The BJP and BJD are also pitted against each other scheme for scheme. Against Modi’s welfare initiatives, Patnaik has around 60 programmes covering the poor. These include Mamata (cash transfer scheme for lactating and pregnant mothers), Re 1 rice scheme, Ahar Yojana (cooked meal for Rs 5), Biju Pacca Ghar Yojana (housing for poor) and KALIA scheme for farmers. “Whoever gives us more money, we will vote for him,” Padmini Bagh, a housewife in Akriapadar village in Bolangir constituency, is clear.
The BJD government is also credited with building one of the strongest networks of Self Help Groups for women in the country. Having announced 33 per cent quota for the Lok Sabha tickets for women, the BJD has fielded an SHG member, Pramila Bisoi, from Aska.
What also helps the ruling party is its formidable political machinery, going down to the grassroots. While the BJD network has been sustained with sub-contracting for government schemes, the BJP support base is scattered.
But the BJP, that has identified Odisha as a new catchment area for the possible losses it could face in the Hindi heartland, is hoping Modi’s popularity and its national security pitch would see it through. Like in other states, the voters are willing to see the Lok Sabha polls as a referendum on Modi. Said Haldipali resident Prahlad Rana, “For MLAs, it’s BJD, but for MPs, it’s BJP.” The party candidates in Kendrapara, Dhenkenal, Sambalpur, Bargarh, Kandamal, Keonjar and Bhubaneswar seats are expected to put up a good fight.
The Congress, which appears to have ceded the second place slot in the state to the BJP, is yet to get into full electioneering mode, though the big Chhattisgarh win briefly lent a spring in its steps. A clear sign is the lack of buzz around even Congress president Rahul Gandhi’s showstopper promise of minimum wage guarantee.

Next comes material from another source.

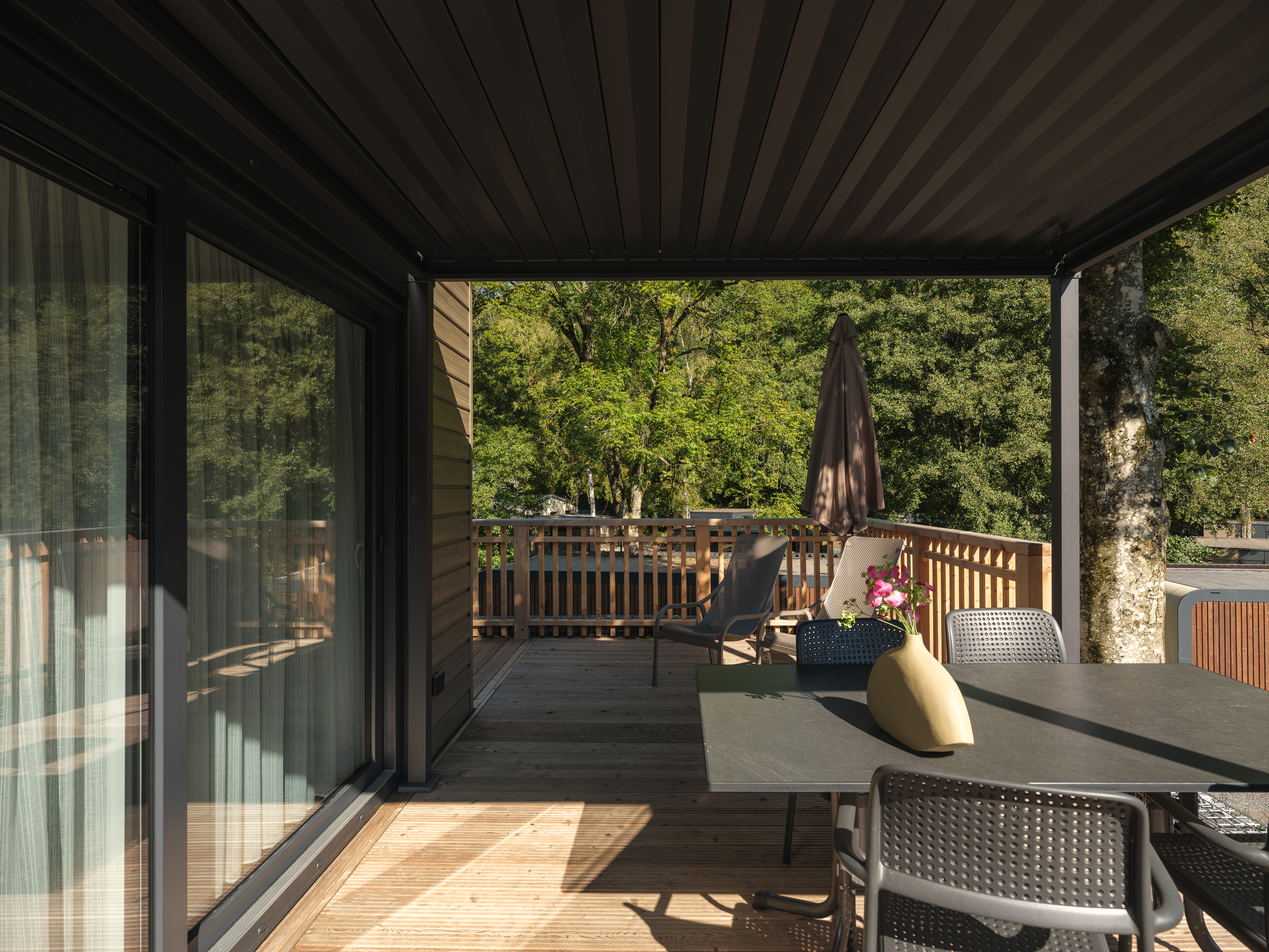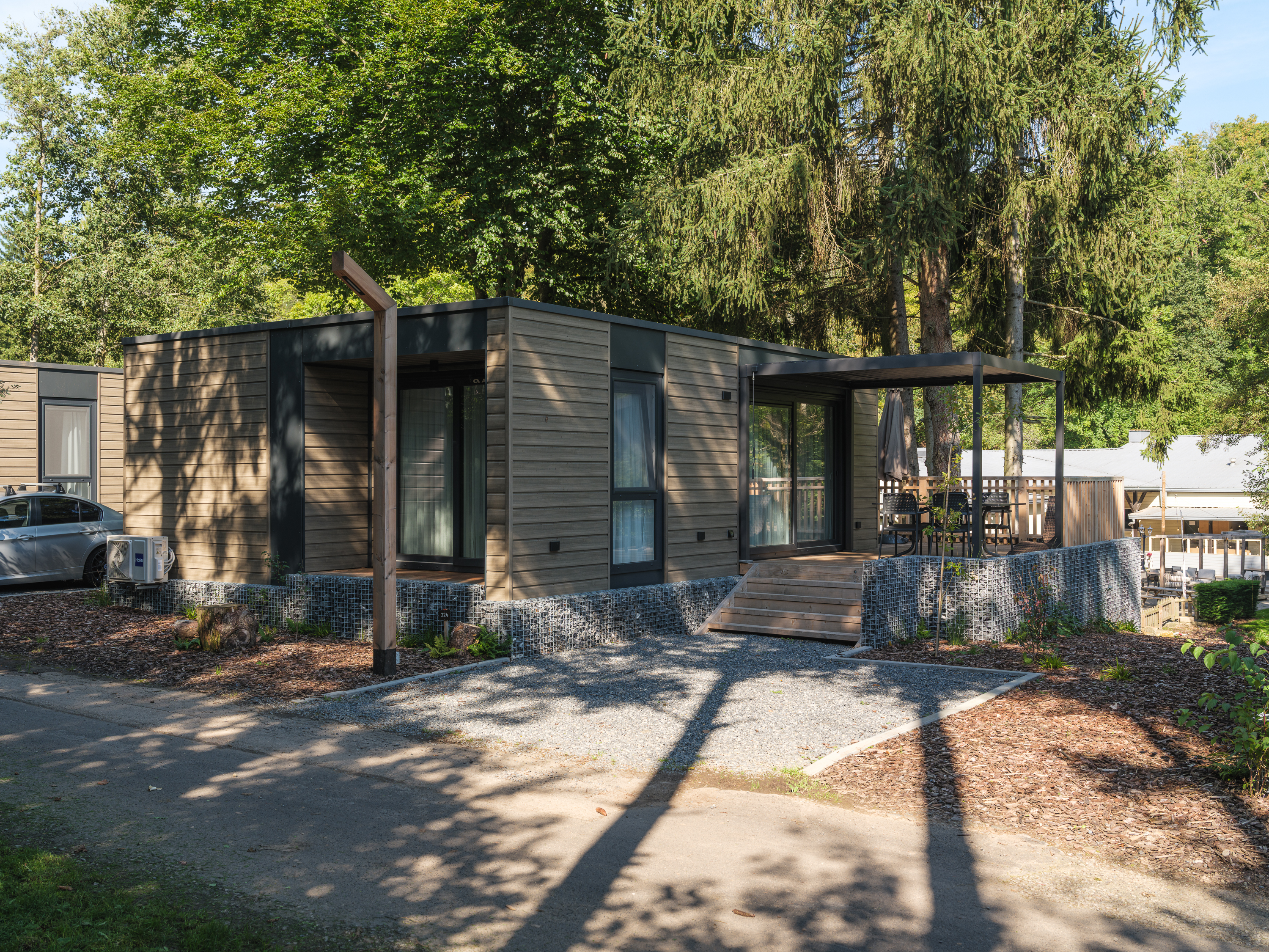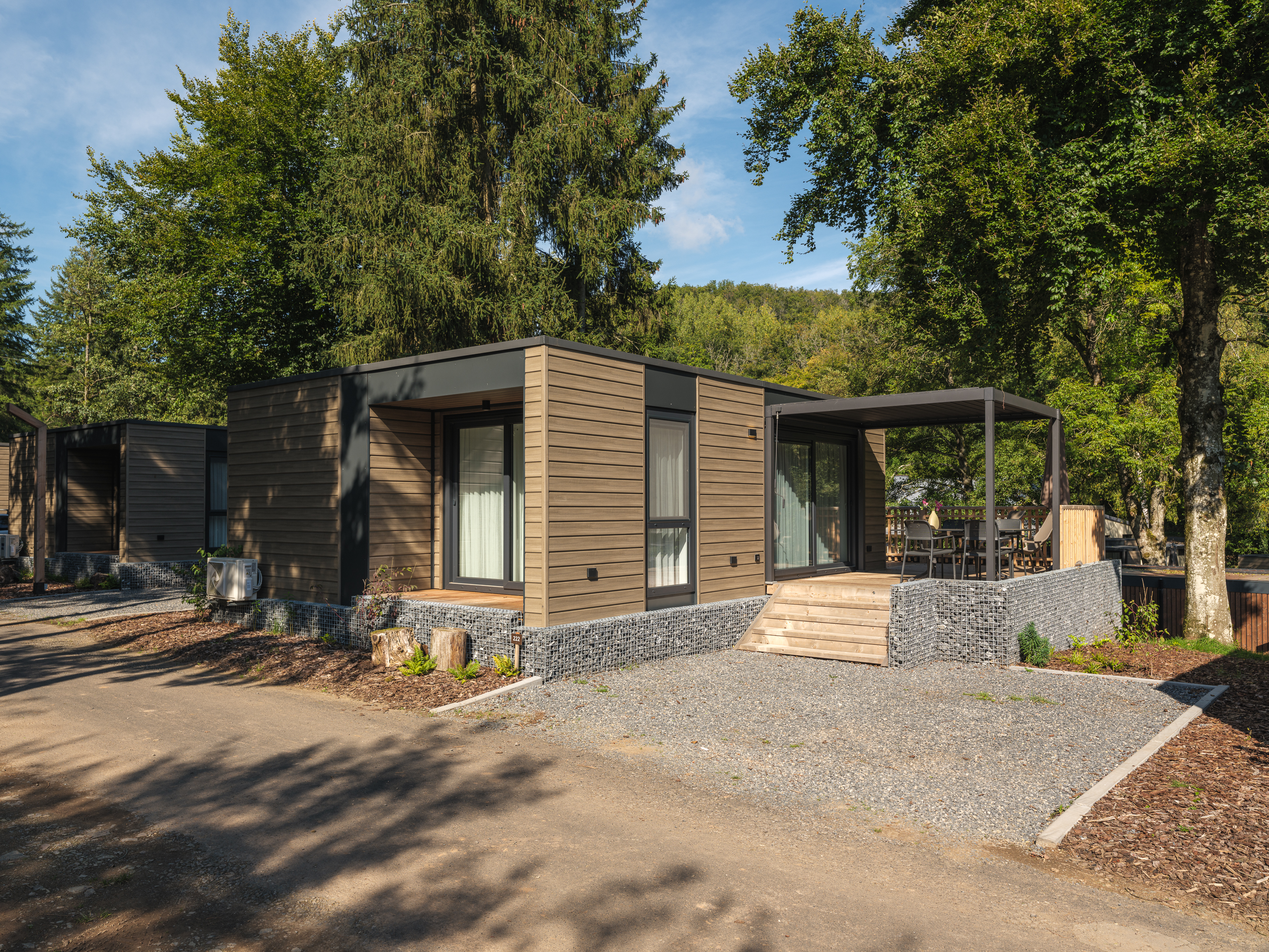 De woning beschikt over twee comfortabele slaapkamers die via de gang te bereiken zijn. Daarnaast is er een moderne badkamer met een ruime douche, een wastafelmeubel en een toilet. Voor extra gemak heeft de lodge een tweede toilet. De woonkamer geeft direct toegang tot het terras, waar je kunt ontspannen en genieten van de groene omgeving, eventueel onder de beschutting van de veranda.

Where the party has made some gains is among the farming community, which is impressed by the Congress’s farm loan waiver and higher MSP for crops in Chhattisgarh. Lingaraj, the convenor of the Paschim Odisha Krushak Sanghatan Samanyay in Bargarh, said, “The distress among farmers has made some consider the Congress also. Wherever the Congress has a strong candidate, farmers could vote for it. In other areas, we have asked farmers to vote for NOTA.”
Samarendra Mishra, Congress candidate from Balangir Assembly constituency, said, “The Congress won Chhattisgarh, Rajasthan and Madhya Pradesh with farmers’ support. The BJD in the state and BJP at the Centre have proved disastrous for farmers. So they will support the Congress.”
However, even Mishra, whose father Narasingha Mishra is the leader of the Opposition, conceded the party is “late”. “We have been harping on the loan waiver and high MSP. We need to see that minimum wage guarantee is also encashed,” Mishra said.